Chivalric ways of warfare were not for the radvakkas, and a parley to them meant nothing like what it would mean to a professional soldier of more civilized lands. So I did not go outside the gates to parley.
A fellow clad in iron with much gilding and a profusion of feathers and benhoff tail plumes spurred forward. He bellowed.
I heard him well enough.
I was pretty sure they were perplexed that an army had not ridden out to meet them and, in the familiar and highly satisfactory fashion they had established in this new land, be crushed to powder beneath their iron hooves. This fellow wanted us to open the gates pronto, to stand aside as the radvakkas rode in. He made no promises. His absolute confidence was, in truth, somewhat amusing. I guessed this band — an offshoot of the westward horde — had heard of the prowess of their fellows down south and burned to emulate them here. The city lay before them, open and defenseless, for they were well aware that an army had marched out — had run off. Their astonishment that we did not let them in abruptly ceased to amuse me. It affronted me. I leaned over the battlements and bellowed back.

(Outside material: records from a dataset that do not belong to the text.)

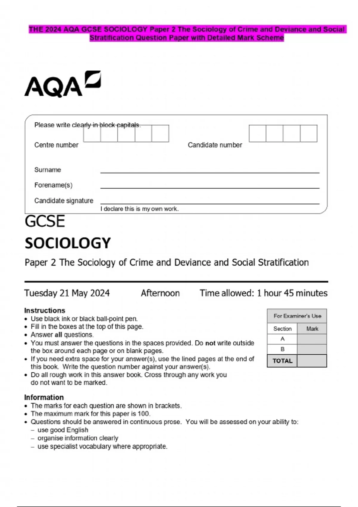 THE 2024 AQA GCSE SOCIOLOGY Paper 2 The Sociology of Crime and Deviance and Social Stratification Question Paper with Detailed Mark Scheme
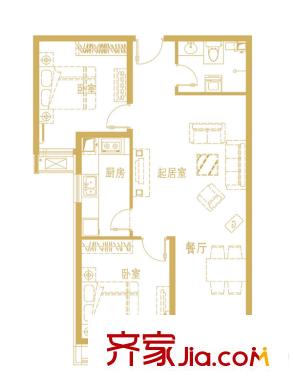 中勘广场・紫勋雍邸已售完2-1-C户型 2室2厅1卫1厨
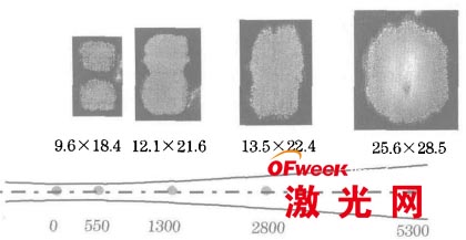 激光器光束質(zhì)量測(cè)量采用在不同距離上測(cè)量光斑大小,計(jì)算其發(fā)散角,最后得出光參數(shù)積的方法。圖9是光束傳輸?shù)讲煌嚯x時(shí)用相紙得到的光斑情況(單位:mm)。

Well — I cannot repeat what I said. It might burn out the machinery of this tape recorder. But I let fly with a choice selection of insults nicely calculated to upset these haughty and brainlessly arrogant barbarians.
I finished: “And any one of you can enter the city any time he likes, horizontally with his guts hanging out.”
For a moment a dead silence hung over the assembled host.
Then a deep and passionate diapason of fury burst out from the crowded ranks. A cloud of arrows flew up. Every one fell short. The Iron Riders set spurs to their steeds, put their heads down, and charged. In a thundering roaring mass of iron they hurtled on.
Nazab Nalgre standing next to me took a few paces back across the ramparts. I stood watching the oncoming avalanche and I half-narrowed my eyes, studying them, thinking, scheming, imagining standing on the ground and facing that little lot...
Of course, the radvakkas had to halt as they reached walls and buildings. Some tried to hack through the barricades we had erected across the ends of the outer streets; but the men I had stationed there reported that the defenses held against this passionate, headlong, ill-considered charge...
The riders began to mill, some fell back, others started to gallop around the city seeking an entrance. All the time they were blowing trumpets and horns, yelling, kicking up the devil of a racket. Looking down on them I longed for a great Lohvian longbow and an inexhaustible supply of clothyard shafts.
Presently, the band drew off, waving their spears, shouting, reforming their ranks. They had no real organization apart from the war band clustered about a leader, and of discipline their ideas were that anything they did to an inferior was lawful, and if an inferior objected then they’d strapado him or do something equally unpleasant. Sheer brute force was their guiding principle. Everyone in the city was fully aware of the horrors that would ensue if the radvakkas took the place.